Let $\phi:\mathbb R \to \mathbb R$ be a test function. We denote $D(\mathbb R)$ the set of test functions. The dirac distribution
$$\delta :D(\mathbb R)\to \mathbb R$$ is defined by:
$$<\delta , \phi>=\phi(0)$$ Now take any smooth function $g:\mathbb R\to \mathbb R$, and define the product distribution $g.\delta$ by:
$$<g.\delta,\phi>=<\delta,g\phi>$$
From this definition we see that
$$<g.\delta,\phi>=g(0)\phi(0)$$
Now i'm reading the following problem prove that $x\delta(x)=0$ and $x\delta'(x)=-\delta(x)$ wihtout any firther information, and I want to understand the meaning of these formulas regarding the definitions above, I mean what is $x$ and what is $\delta(x)$ and what is the product $x\delta(x)$? It seems like he takes $g$ for being the identity $id :\mathbb R\to \mathbb R$ but this would give
$$<id.\delta, \phi>=id(0)\phi(0)=0*\phi(0)=0$$ but i don't see where $x\delta(x)=0$ come from. thank you for your help!
Best Answer
By definition we can write for any test function $\phi$ $$\langle x\delta_0,\phi(x)\rangle = \langle \delta_0, x\phi(x)\rangle = 0\cdot \phi(0)=0=\langle 0,\phi(x)\rangle,$$ which means that $x\delta_0=0$ in the sense of distributions.
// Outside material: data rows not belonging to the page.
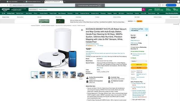 ECOVACS DEEBOT N10 PLUS Robot Vacuum and Mop Combo with Auto-Empty Station, Hands-Free Cleaning for 60 Days, 3800Pa Suction, 330mins Max Run-time, Precision Mapping with Lidar & dToF Sensors, White, Carpet,Floor Vacuum and Mop and Self Empty 3-in-1, Smart Mapping with dTOF Laser Navigation; 60 Days Hands Free Cleaning; Precise Object Detection and Avoidance;, Multi-floor Mapping; Editable Cleaning Home Map Including Area Cleaning, No-go Zone, No-mop Zone and Selective Room Cleaning; Auto-clean Scheduling; Auto Avoid Carpet When Mopping; Resumes cleaning where it left off after Auto-recharge; Alexa and Google Home Supported. Vacuum and Mop in One Go. Clean all your floors faster with simultaneous vacuuming and mopping. DEEBOT N10 PLUS smartly detects and avoids carpet when mopping, giving every surface the clean it needs. Precise Mapping for a Thorough, Efficient Clean. With an advanced laser-based LiDAR navigation system, DEEBOT generates maps more accurate of vSLAM and camera-based technology, ensuring the most efficient path for a faster, more comprehensive clean. Powerful Deep Cleaning with 3800Pa Suction. With a maximum suction power of 3800Pa, DEEBOT N10 PLUS easily lifts dirt, debris from crevices and carpet fibers. Powered by 5200mAh battery, it cleans up to 200mins (330mins on quiet mode) on a single charge. Months of Hands-free Cleaning. The Auto-Empty Station with 2.5L dustbag holds 2 months' worth of vacuum debris, staying maintenance free for 60 days. The auto-seal design of the dust bag keeps the mess contained when you are ready to discard. Breathe Easy. Say Goodbye to the Odor of Pet Hair. The specially designed dust bag and filter can easily filter particles and trap odors at the same time, absorbing the smelly substances produced by ordinary household wastes.
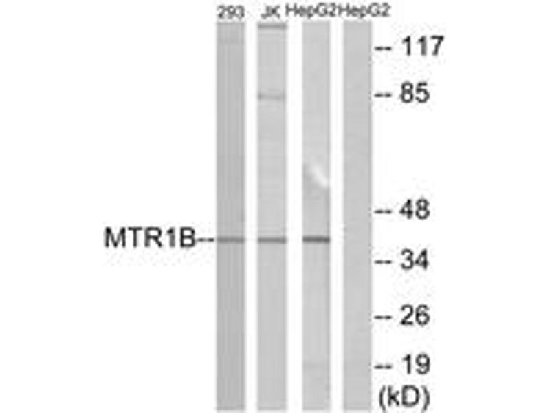 MTR1B Antibody detects endogenous levels of total MTR1B protein.
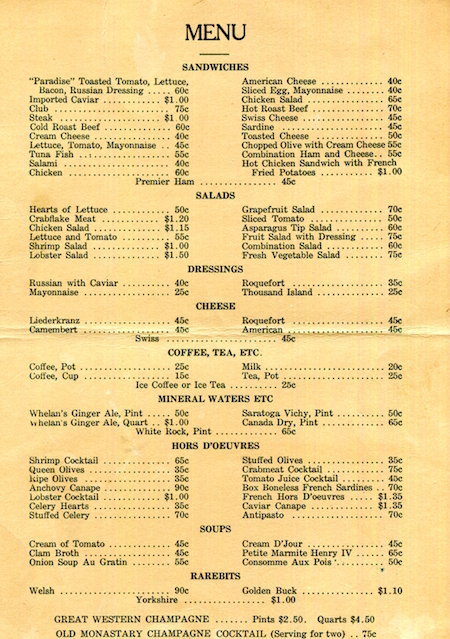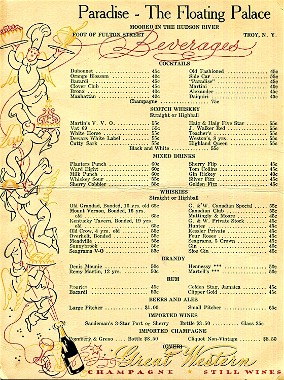 USA New York Troy Menu Restaurant Paradise 1930 Back

In the same spirit, we write
$$\langle x\delta'_0,\phi(x)\rangle = \langle \delta_0', x\phi(x)\rangle =- \langle \delta_0,(x\phi(x))'\rangle = -\langle \delta_0,\phi(x)+x\phi'(x) \rangle = -\phi(0)-0\cdot\phi'(0) = -\phi(0) = -\langle \delta_0, \phi(x) \rangle,$$ which means that $x\delta'_0= -\delta_0$ in the sense of distributions.